Maven PMC here. I highly recommend not doing and I will explain why:
The approach to dependencies of Maven, npm, composer, pip goes against
an offline build required by the ports system. All py-packages are
repackaged to what pip does, this is work. Caching libs and POMs from
Maven Central absolutely does not make sense. Both Maven Central and ASF
dist use a fully distributed CDN by now.
There is no compelling reason to recompile the software at all. All
dependencies are available cryptographically signed in Maven Central. If
your application uses Maven, it will *not* use the port from the ports
system. Repackaging what is in Central is a waste of time, IMHO. Another
issue comes with custom build: Many Linux distro dissect or modify
blessed packages like Maven or Tomcat beyond recognition and the first
thing we ask is: Where did you get Tomcat or Maven?

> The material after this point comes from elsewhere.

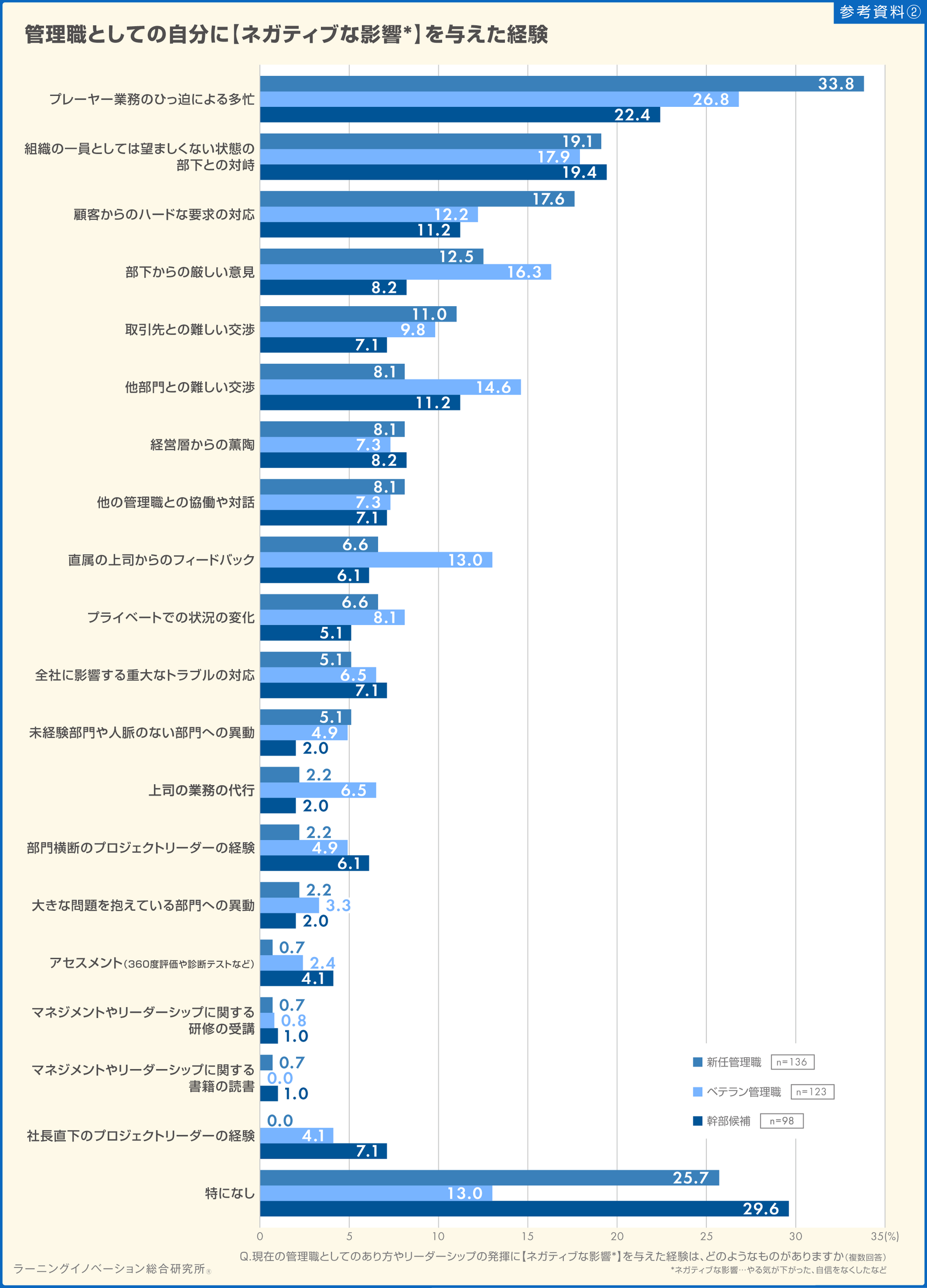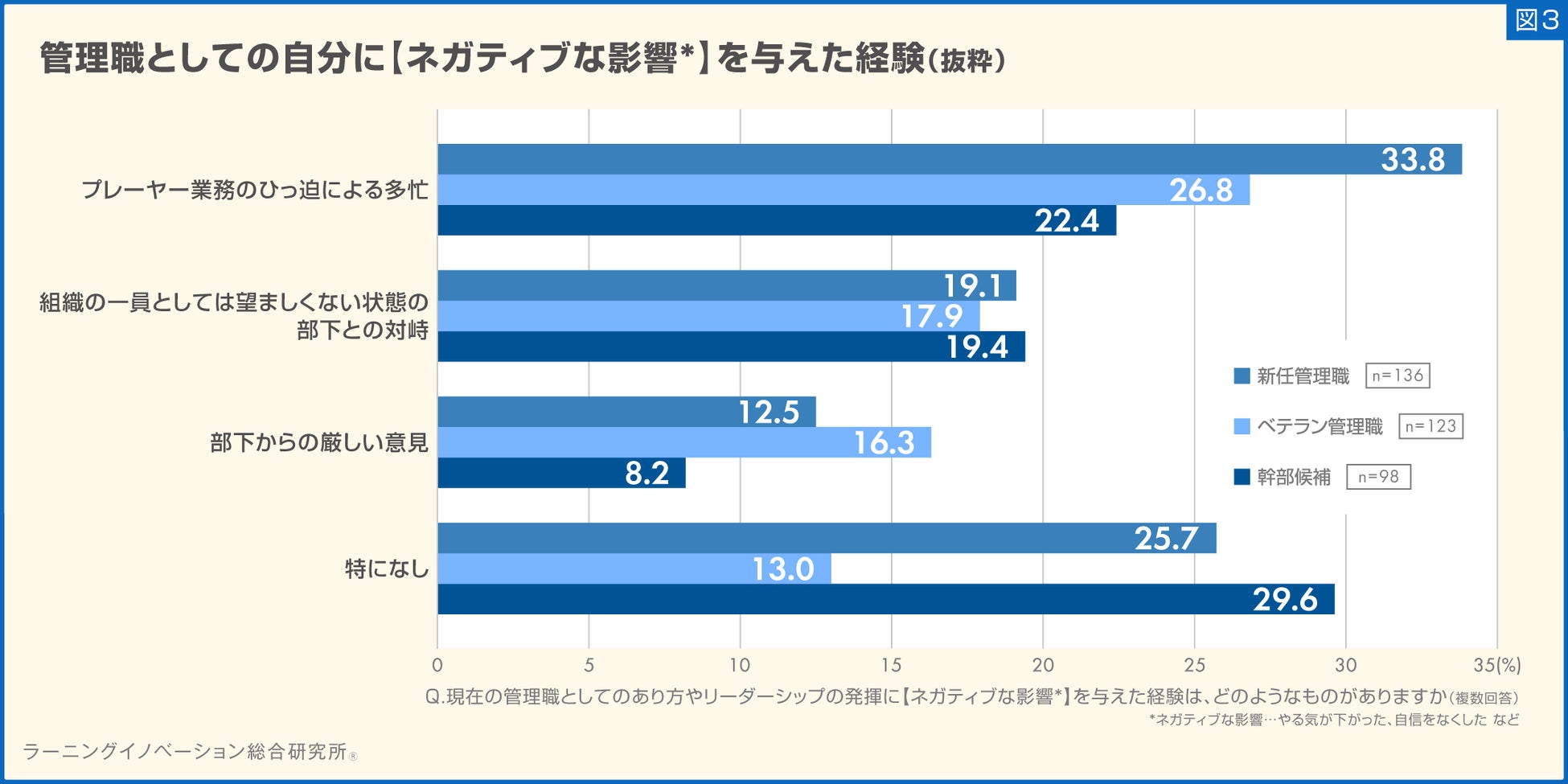 リーダーシップの発揮に【ネガティブな影響】を与えた経験、新任・ベテランは「プレーヤー業務のひっ迫による多忙」、幹部候補は「特になし」がそれぞれトップ(図3)

Not from us? GO AWAY.
I am currently the maintainer of the Nexus 2 OSS and use the bundle
tarball only, I do not even try to compile myself since it gives from a
Java PoV no benefit compared to native langs like C/C++/Rust/Go/YOU_NAME_I=
T.

There are situations where a port makes sense, not necessary recompiled
Java code, e.g., a JDBC driver which is loaded into Tomcat and not part
of the application or the library requires native code which I would
want to compile, e.g., https://github.com/xerial/sqlite-jdbc/issues/495.

Looking at https://www.freshports.org/java I am certain that most of
those ports can go away.

I am happy to step into a discussion if you are interested in.